* EXTRACTED MATERIAL *
BEGIN

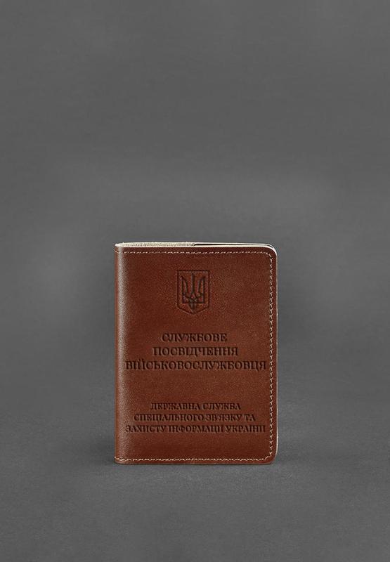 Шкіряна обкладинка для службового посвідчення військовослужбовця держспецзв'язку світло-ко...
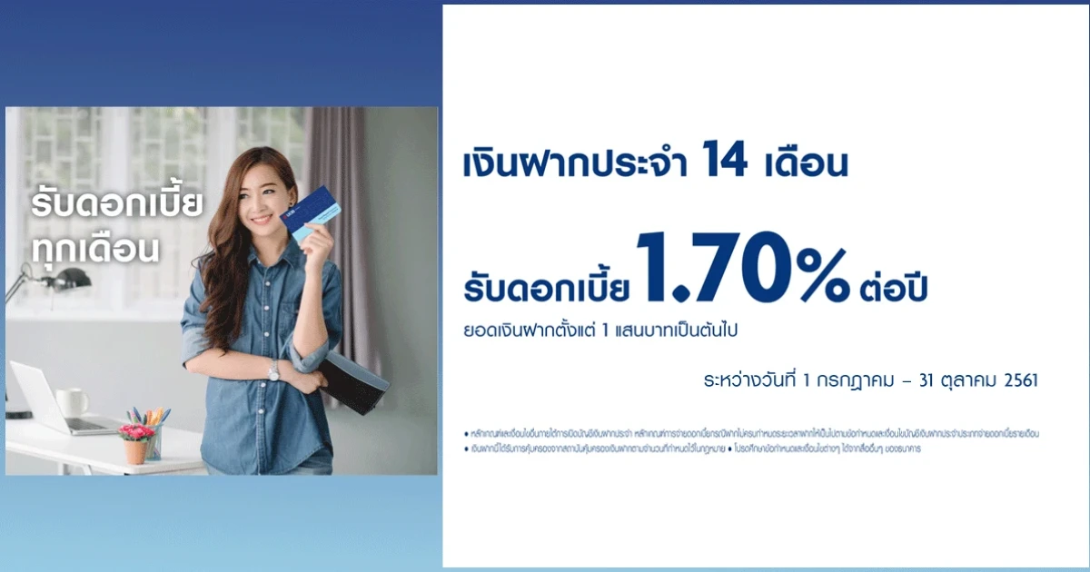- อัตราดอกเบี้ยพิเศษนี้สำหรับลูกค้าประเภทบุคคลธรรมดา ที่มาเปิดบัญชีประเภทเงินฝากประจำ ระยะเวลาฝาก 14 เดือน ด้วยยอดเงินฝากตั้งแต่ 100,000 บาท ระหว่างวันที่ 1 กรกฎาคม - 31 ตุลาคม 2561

END
BEGIN

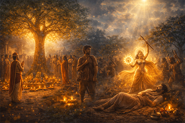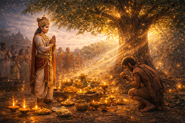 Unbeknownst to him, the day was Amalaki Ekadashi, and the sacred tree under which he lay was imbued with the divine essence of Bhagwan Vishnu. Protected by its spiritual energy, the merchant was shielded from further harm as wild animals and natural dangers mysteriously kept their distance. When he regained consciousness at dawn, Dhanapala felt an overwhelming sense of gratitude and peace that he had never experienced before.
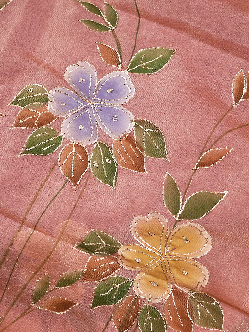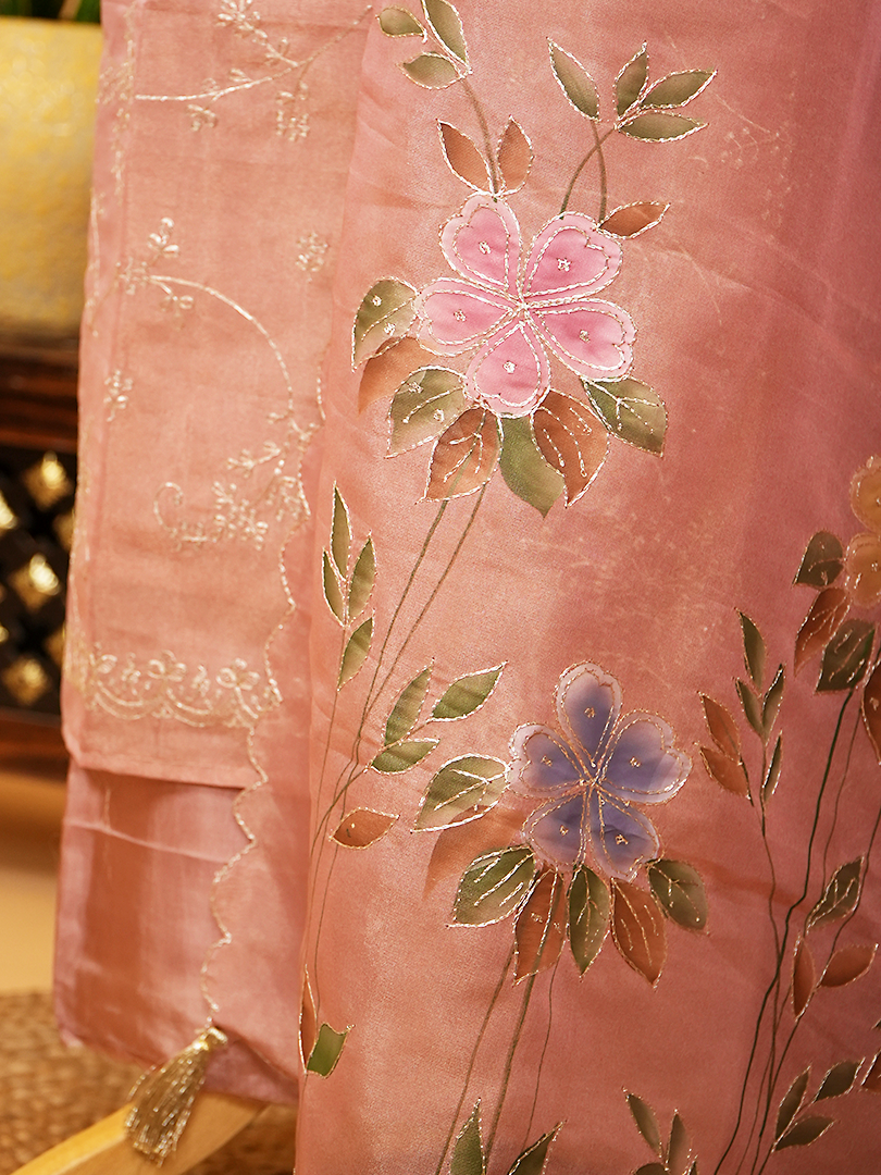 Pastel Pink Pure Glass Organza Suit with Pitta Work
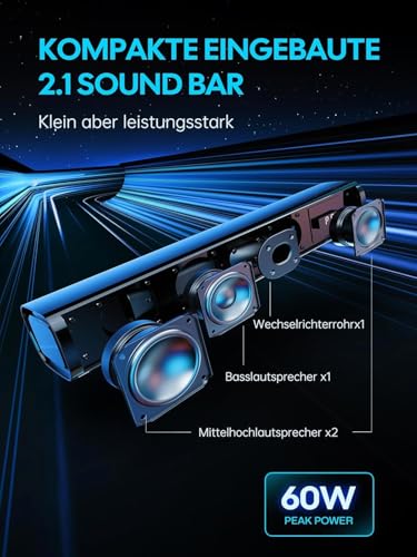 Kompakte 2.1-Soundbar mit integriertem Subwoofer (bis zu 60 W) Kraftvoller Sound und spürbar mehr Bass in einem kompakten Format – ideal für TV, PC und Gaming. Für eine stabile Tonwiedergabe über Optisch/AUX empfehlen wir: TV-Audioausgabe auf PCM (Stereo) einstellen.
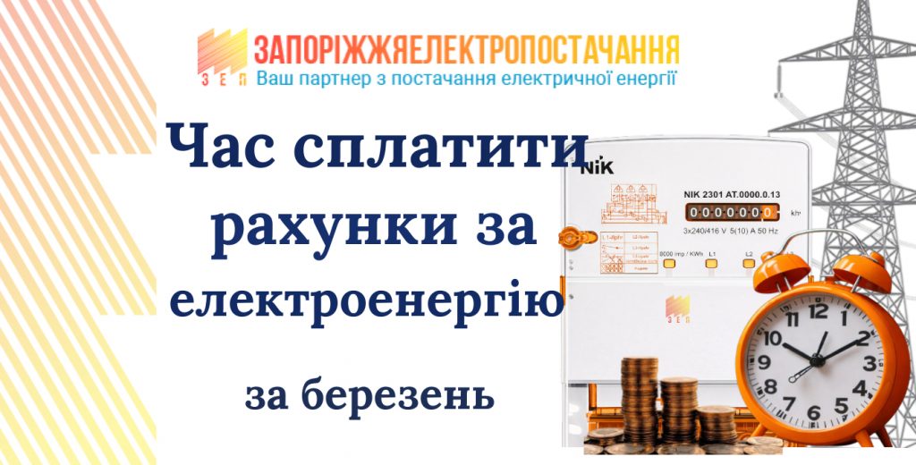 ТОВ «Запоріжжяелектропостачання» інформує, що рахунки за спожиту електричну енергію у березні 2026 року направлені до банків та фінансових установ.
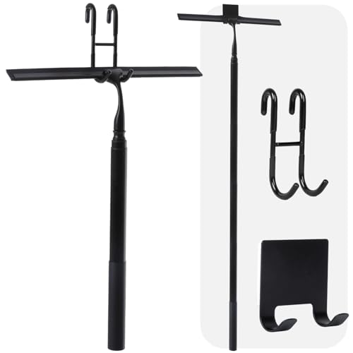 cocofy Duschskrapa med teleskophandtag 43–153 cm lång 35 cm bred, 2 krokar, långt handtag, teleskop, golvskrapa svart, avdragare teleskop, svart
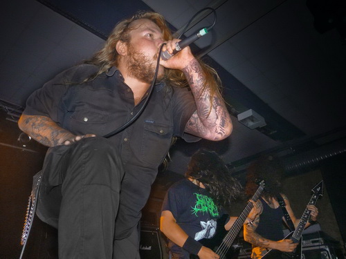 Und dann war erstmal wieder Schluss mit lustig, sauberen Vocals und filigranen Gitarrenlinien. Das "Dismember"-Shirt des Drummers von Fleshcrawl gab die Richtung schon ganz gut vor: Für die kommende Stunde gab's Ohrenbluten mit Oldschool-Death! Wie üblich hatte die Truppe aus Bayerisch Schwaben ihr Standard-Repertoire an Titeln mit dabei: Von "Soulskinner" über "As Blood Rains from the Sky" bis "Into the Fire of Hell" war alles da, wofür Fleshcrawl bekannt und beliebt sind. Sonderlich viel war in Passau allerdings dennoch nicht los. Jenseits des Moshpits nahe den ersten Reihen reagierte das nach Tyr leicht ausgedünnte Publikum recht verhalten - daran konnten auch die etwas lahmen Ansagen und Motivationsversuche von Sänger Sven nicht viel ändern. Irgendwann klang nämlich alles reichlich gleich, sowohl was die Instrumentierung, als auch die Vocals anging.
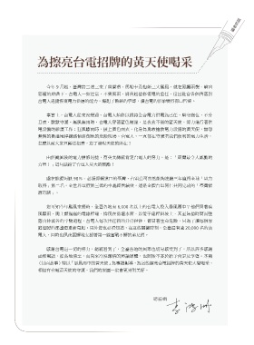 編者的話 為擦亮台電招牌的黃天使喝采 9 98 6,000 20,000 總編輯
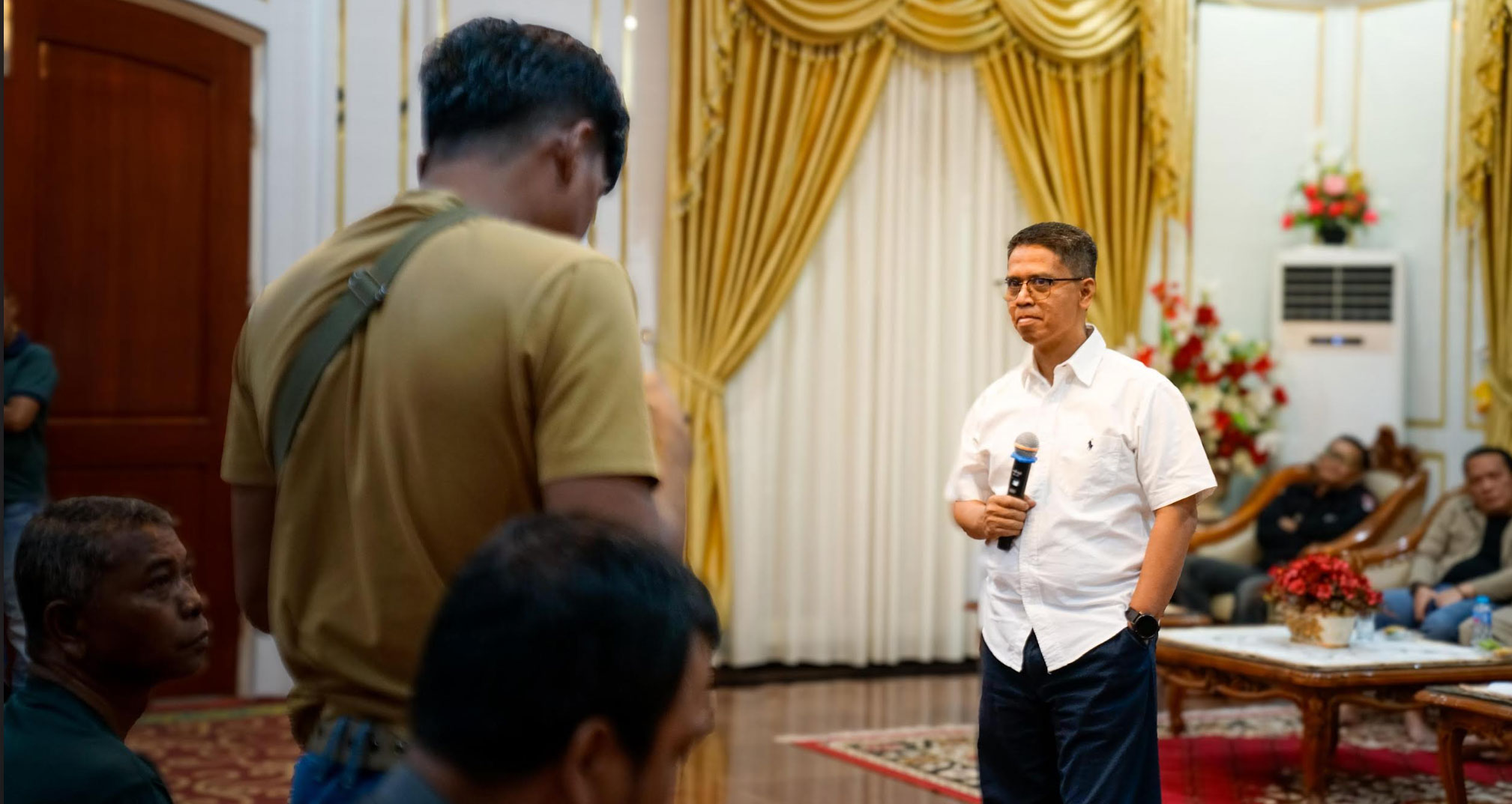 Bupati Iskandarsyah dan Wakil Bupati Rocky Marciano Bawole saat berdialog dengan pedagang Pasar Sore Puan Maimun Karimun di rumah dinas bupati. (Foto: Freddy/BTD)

END
BEGIN

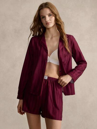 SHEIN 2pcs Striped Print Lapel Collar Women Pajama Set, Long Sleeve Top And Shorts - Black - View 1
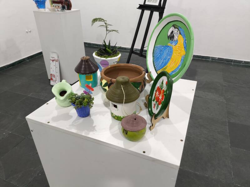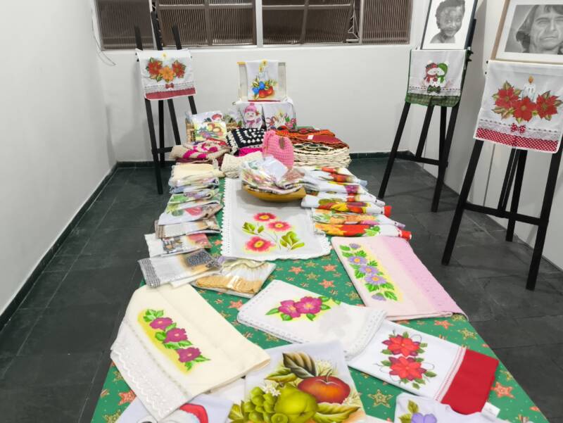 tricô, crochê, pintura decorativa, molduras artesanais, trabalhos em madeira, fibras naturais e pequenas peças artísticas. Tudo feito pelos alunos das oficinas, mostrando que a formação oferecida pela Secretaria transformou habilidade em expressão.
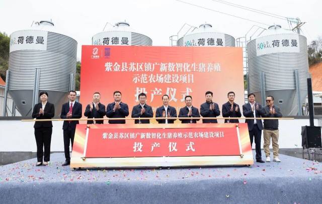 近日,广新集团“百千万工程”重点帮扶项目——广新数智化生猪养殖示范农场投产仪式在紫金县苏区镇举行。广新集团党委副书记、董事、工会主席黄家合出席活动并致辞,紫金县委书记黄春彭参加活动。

END

* WHAT YOU HAVE TO DO *
Return the lines above from the one with "cocofy Duschskrapa med" through the one with "Bupati Iskandarsyah dan", verbatim and nothing else. Omit every picture.

* WORKED SOLUTION *
 cocofy Duschskrapa med teleskophandtag 43–153 cm lång 35 cm bred, 2 krokar, långt handtag, teleskop, golvskrapa svart, avdragare teleskop, svart
 Und dann war erstmal wieder Schluss mit lustig, sauberen Vocals und filigranen Gitarrenlinien. Das "Dismember"-Shirt des Drummers von Fleshcrawl gab die Richtung schon ganz gut vor: Für die kommende Stunde gab's Ohrenbluten mit Oldschool-Death! Wie üblich hatte die Truppe aus Bayerisch Schwaben ihr Standard-Repertoire an Titeln mit dabei: Von "Soulskinner" über "As Blood Rains from the Sky" bis "Into the Fire of Hell" war alles da, wofür Fleshcrawl bekannt und beliebt sind. Sonderlich viel war in Passau allerdings dennoch nicht los. Jenseits des Moshpits nahe den ersten Reihen reagierte das nach Tyr leicht ausgedünnte Publikum recht verhalten - daran konnten auch die etwas lahmen Ansagen und Motivationsversuche von Sänger Sven nicht viel ändern. Irgendwann klang nämlich alles reichlich gleich, sowohl was die Instrumentierung, als auch die Vocals anging.
 編者的話 為擦亮台電招牌的黃天使喝采 9 98 6,000 20,000 總編輯
 Bupati Iskandarsyah dan Wakil Bupati Rocky Marciano Bawole saat berdialog dengan pedagang Pasar Sore Puan Maimun Karimun di rumah dinas bupati. (Foto: Freddy/BTD)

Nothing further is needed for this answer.